3.3. Het middel berust op de opvatting dat geen recht op aftrek wegens buitengewone lasten bestaat indien de belastingplichtige zijn recht op kinderbijslag gedeeltelijk geldend kan maken. Deze opvatting is evenwel onjuist. Op grond van de tekst en de strekking van artikel 46, lid 1, letter a, onder 1°, van de Wet op de inkomstenbelasting 1964 in samenhang met het bepaalde in artikel 10, aanhef en letter b, van de Uitvoeringsregeling inkomstenbelasting 1990, moet worden aangenomen dat recht op aftrek wegens buitengewone lasten bestaat indien en voorzover de belastingplichtige geen recht op kinderbijslag ingevolge de Algemene Kinderbijslagwet (hierna: de AKW) heeft, dan wel dit recht ingevolge de regelen ter voorkoming van samenloop van kinderbijslag in de AKW of het Samenloopbesluit Kinderbijslag niet geldend kan maken.
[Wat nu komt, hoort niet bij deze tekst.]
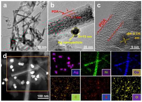 Figure 3 shows the TEM, HR-TEM images and the elemental mapping of the Ag/NiCo2O4-NC sample. As can be clearly observed in Figure 3a–c, the NiCo2O4 nanowires were covered with PDA films with a thickness of 8 nm, and Ag nanoparticles in an approximate 15 nm size range were anchored on the NiCo2O4 nanowires. The fully exposed planes of Ag nanoparticles provided more reactive surface sites for glucose-sensing applications [15]. In the HR-TEM image in Figure 3c, the PDA film together with the lattice fringe of the Ag (111) crystalline plane were visible, with an interplant distance of 0.236 nm. The STEM image and EDX elemental mapping spectroscopies in Figure 3d confirmed the presence of Ag, Ni, Co, C, N and O elements. The percentage of elements in the detected region was 15.47 wt.% for Ag, 4.55 wt.% for Co, 9.10 wt.% for Ni, 41.22 wt.% for C, 12.45 wt.% for N and 17.21 wt.% for O.

In een geval als het onderhavige, waarin de kinderbijslag op grond van het bepaalde in artikel 5a van het Samenloopbesluit Kinderbijslag aan ieder van de beide verzorgende ouders voor de helft wordt uitgekeerd, kunnen beide ouders hun recht op kinderbijslag voor 50 percent geldend maken. Voorzover zij hun recht op kinderbijslag niet geldend kunnen maken, dat is voor 50 percent, hebben zij recht op aftrek wegens buitengewone lasten. Door te beslissen als hiervóór onder 3.2 vermeld, heeft het Hof de voormelde regelingen derhalve juist toegepast. Het middel faalt mitsdien.

4. Proceskosten

De Hoge Raad acht geen termen aanwezig voor een veroordeling in de proceskosten.

5. Beslissing

De Hoge Raad verklaart het beroep ongegrond.

Dit arrest is gewezen door de vice-president A.G. Pos als voorzitter, en de raadsheren L. Monné en A.R. Leemreis, in tegenwoordigheid van de waarnemend griffier A.I. Boussak-Leeksma, en in het openbaar uitgesproken op 11 juni 2004.

Van de Staat wordt ter zake van het door de Staatssecretaris van Financiën ingestelde beroep in cassatie een griffierecht geheven van € 409.